---- DATASET CONTENT

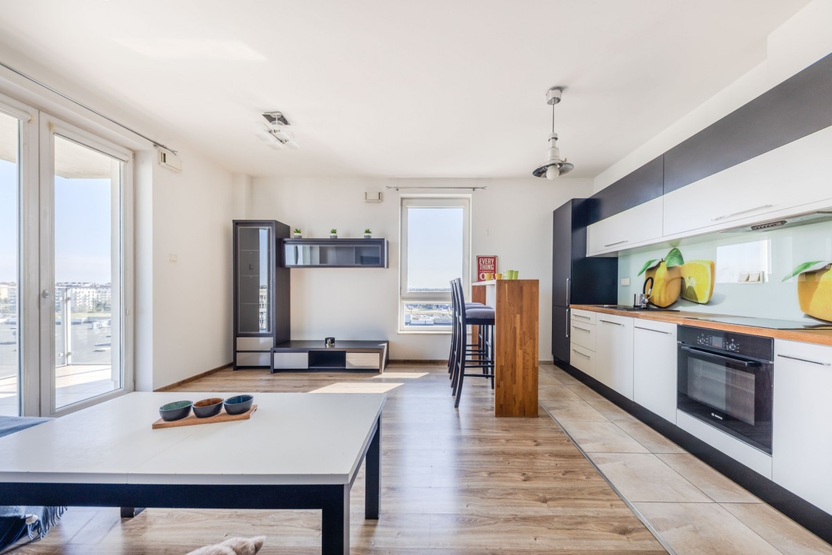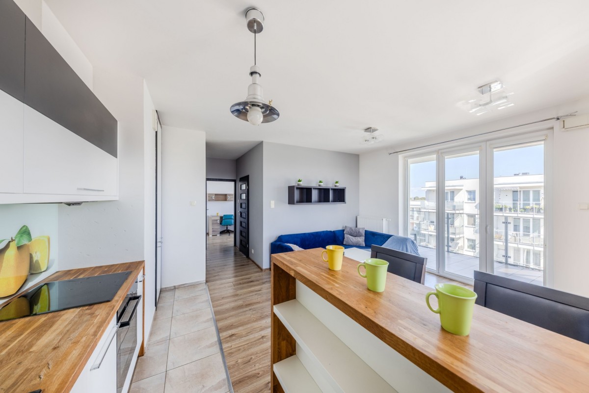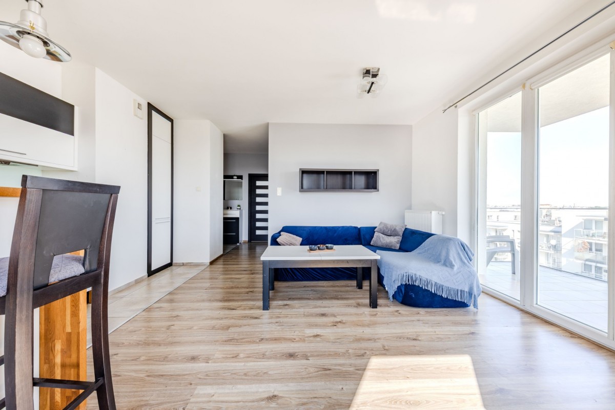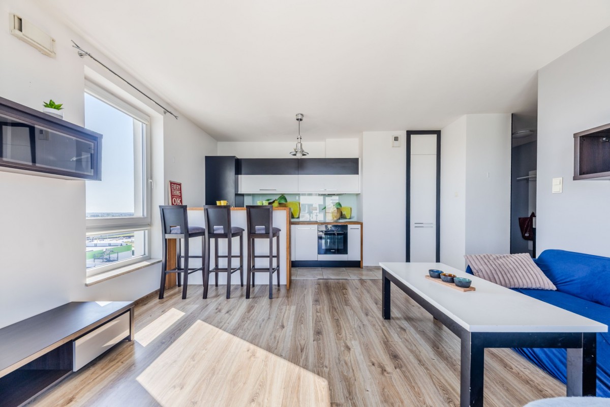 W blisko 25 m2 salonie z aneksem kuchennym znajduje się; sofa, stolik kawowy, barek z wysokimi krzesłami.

--------
---- DATASET CONTENT

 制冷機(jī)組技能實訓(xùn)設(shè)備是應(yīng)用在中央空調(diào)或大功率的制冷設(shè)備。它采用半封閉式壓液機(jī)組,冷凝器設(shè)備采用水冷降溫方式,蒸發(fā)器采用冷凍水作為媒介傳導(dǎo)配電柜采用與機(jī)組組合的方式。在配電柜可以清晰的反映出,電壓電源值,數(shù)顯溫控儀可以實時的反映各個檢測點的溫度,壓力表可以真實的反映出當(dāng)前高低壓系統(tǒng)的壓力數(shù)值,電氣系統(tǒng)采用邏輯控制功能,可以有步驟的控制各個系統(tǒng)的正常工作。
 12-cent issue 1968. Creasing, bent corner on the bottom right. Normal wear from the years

--------

WHAT TO DO: Every line above from the line with "制冷機(jī)組技能實訓(x" to the line with "12-cent issue 1968.", both included, must be reproduced exactly, and no other line may appear.

EXERCISE OUTPUT:
 制冷機(jī)組技能實訓(xùn)設(shè)備是應(yīng)用在中央空調(diào)或大功率的制冷設(shè)備。它采用半封閉式壓液機(jī)組,冷凝器設(shè)備采用水冷降溫方式,蒸發(fā)器采用冷凍水作為媒介傳導(dǎo)配電柜采用與機(jī)組組合的方式。在配電柜可以清晰的反映出,電壓電源值,數(shù)顯溫控儀可以實時的反映各個檢測點的溫度,壓力表可以真實的反映出當(dāng)前高低壓系統(tǒng)的壓力數(shù)值,電氣系統(tǒng)采用邏輯控制功能,可以有步驟的控制各個系統(tǒng)的正常工作。
 12-cent issue 1968. Creasing, bent corner on the bottom right. Normal wear from the years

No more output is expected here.